Wheeee, what a ride!
Just like any good roller coaster, market plunges can be fun when you are strapped in safely and prepared for them. Our members have been so prepared we’ll have to hand our Eagle Scout badges (we don’t need no stinkin’ badges) for riding out a toppy market for two tedious weeks, which I won’t rehash here but you can go back to my Sept 19th "Wrong Way Weekly Wrap-Up" to see how hard it was to stay bearish in the face of all that "great" news that the media kept throwing at us. Nonetheless, had you followed our trading ideas in that post, you’d be a VERY happy camper right now!
Now we are down 300 points from that Friday’s finish, about halfway to our 9,100 target, which is the top 5% of our original trading range around Dow 8,650. We’d love to see 9,100 hold, especially on a nice volume sell-off so we can move our range up 5% and make 9,100 our new mid-point, putting the 33% (off the top) lines withing striking distance of a proper breakout but suddenly the news-flow has turned sharply negative. This is something I warned members about way back on August 11th, the last time I thought we were getting toppy (and we were) at Dow 9,400 when I said: "Watch the newsflow in the MSM. If it starts to get negative, look out below."

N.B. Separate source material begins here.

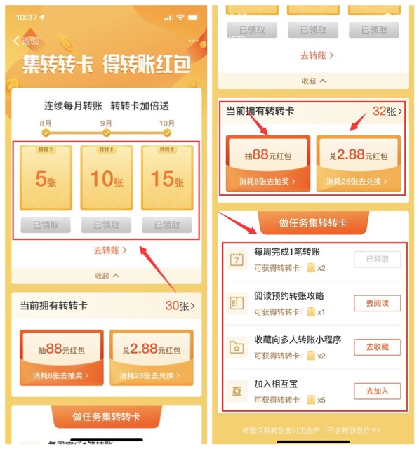 支付宝集转转卡 抽奖88元红包 抢兑2.88元红包
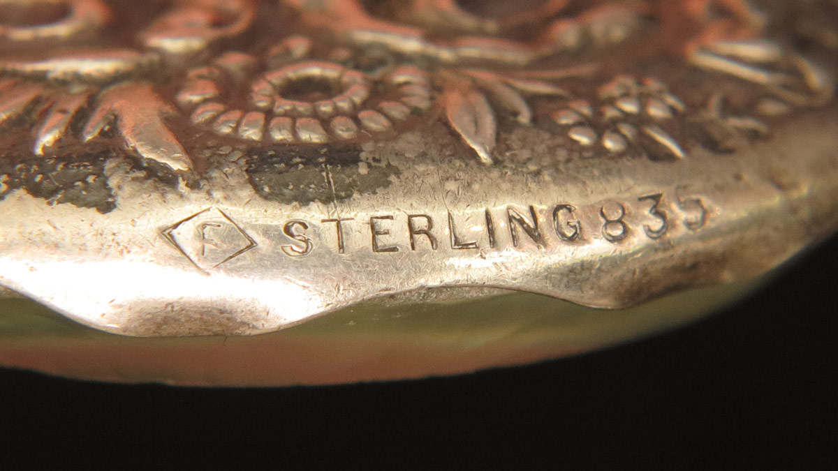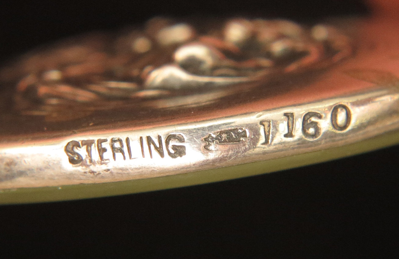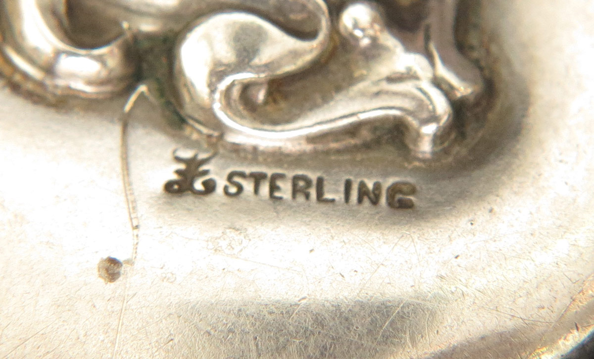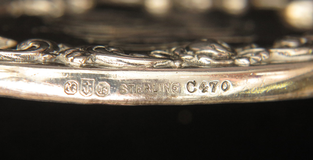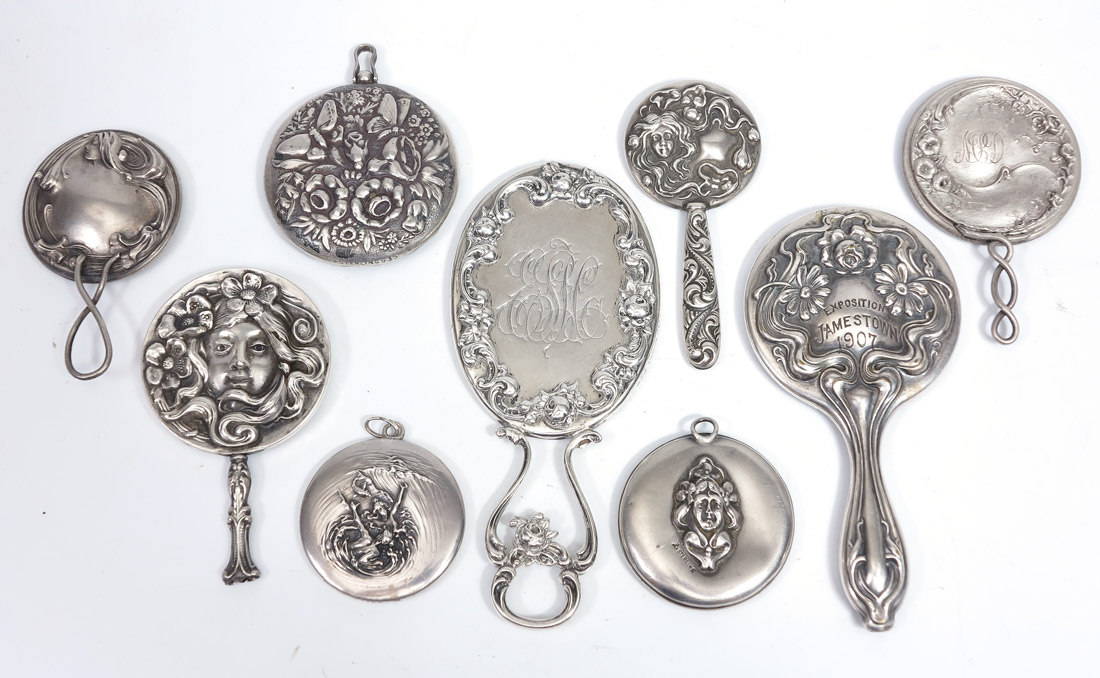 9 ART NOUVEAU STERLING PURSE OR CHATELAINE MIRRORS: 9 pieces total to include 1) 3 chatelaine mirrors; Kerr women in water, La Pierre masqueron face and unknown F in diamond foliate and butterfly motif (1 7/8'' dia.) 2) Purse mirror marked Exposition Jamestown 1907. 3) Gorham foliate rim, monogrammed, (4 1/2'' l.). 4) Sterling woman's face in center. 5) Sterling with woman's face on left of center, (metal not glass mirror). 6) La Pierre woman's head on top, twist handle. 7) La Pierre floral with unusual finish, twist handle, monogrammed.

Yesterday we talked about GS’s about-face on the REIT sector and, later that day, we noted during Member chat that JPM had decided to downgrade SKS, hitting the retail sector hard in the afternoon. I called a slightly early top on Retail on 9/16, when I said to Members: "Right now all retail is being played like a huge winner, as if no segment will lose market share to another. This is amazingly stupid in a declining wages and declining consumer credit environment." RTH was $88.76 that day after running up just about 20% from July 7th so we were looking for a pullback at least to $85, but I think worse as I see nothing in the data that makes me believe in Santa Clause this year or the rally he often brings.
As you can see from David Fry’s chart of the XLY (another Retail tracker) we topped out at technical resistance and are now looking for a completion of a 5% drop back to the August highs but I’m very concerned about today’s job number and wondering how Retail indexes can get back to last June’s highs with 10% less people working than there were last June (5% "officially"). Are we really supposed to think that the 90% of people still working will be doing 11% more shopping to make up for it. No, that is just stupid. Well, then so are the current valuations don’t you think?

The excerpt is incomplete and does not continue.